Segment Start: AVAILABLE RECORDS

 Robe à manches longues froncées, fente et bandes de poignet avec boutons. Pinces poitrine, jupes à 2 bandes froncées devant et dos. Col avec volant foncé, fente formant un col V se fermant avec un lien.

Segment End: AVAILABLE RECORDS
Segment Start: AVAILABLE RECORDS

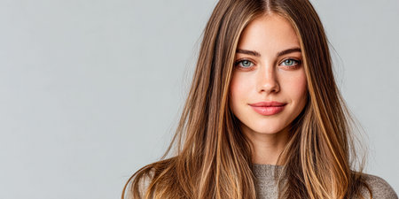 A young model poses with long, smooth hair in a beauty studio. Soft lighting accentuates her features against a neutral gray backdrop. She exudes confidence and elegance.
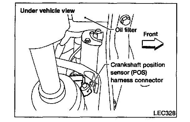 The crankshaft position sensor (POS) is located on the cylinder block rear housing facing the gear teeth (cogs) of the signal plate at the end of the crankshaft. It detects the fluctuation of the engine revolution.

Segment End: AVAILABLE RECORDS
Segment Start: AVAILABLE RECORDS

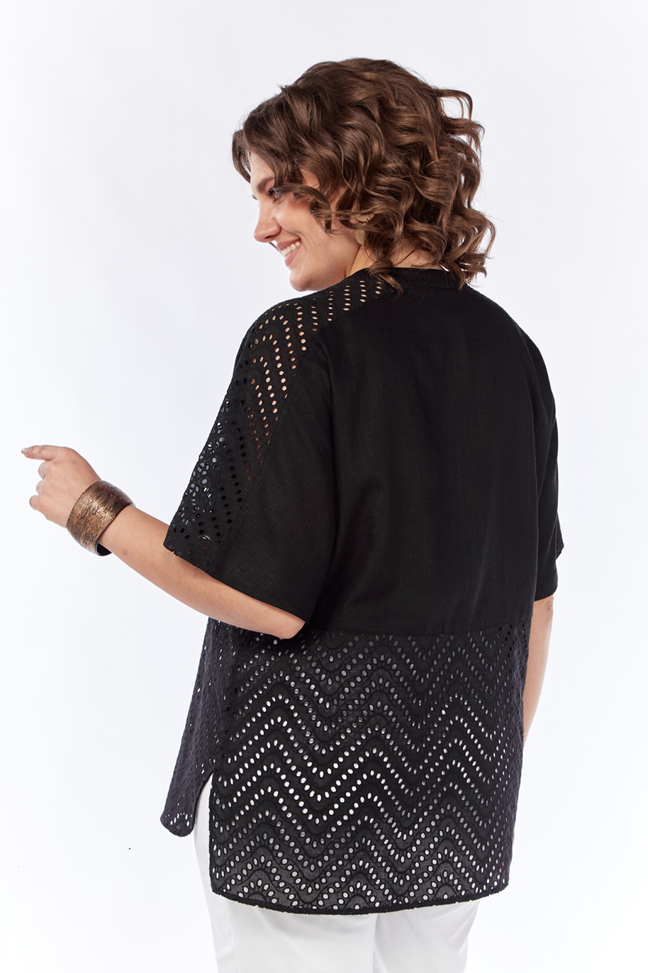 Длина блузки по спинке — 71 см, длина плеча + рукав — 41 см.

Segment End: AVAILABLE RECORDS

= WHAT YOU ARE ASKED TO DO =
From the records above, copy only the lines running from the line holding "A young model" through the line holding "The crankshaft position", with no pictures.

= OUTPUT OF THE TASK =
 A young model poses with long, smooth hair in a beauty studio. Soft lighting accentuates her features against a neutral gray backdrop. She exudes confidence and elegance.
 The crankshaft position sensor (POS) is located on the cylinder block rear housing facing the gear teeth (cogs) of the signal plate at the end of the crankshaft. It detects the fluctuation of the engine revolution.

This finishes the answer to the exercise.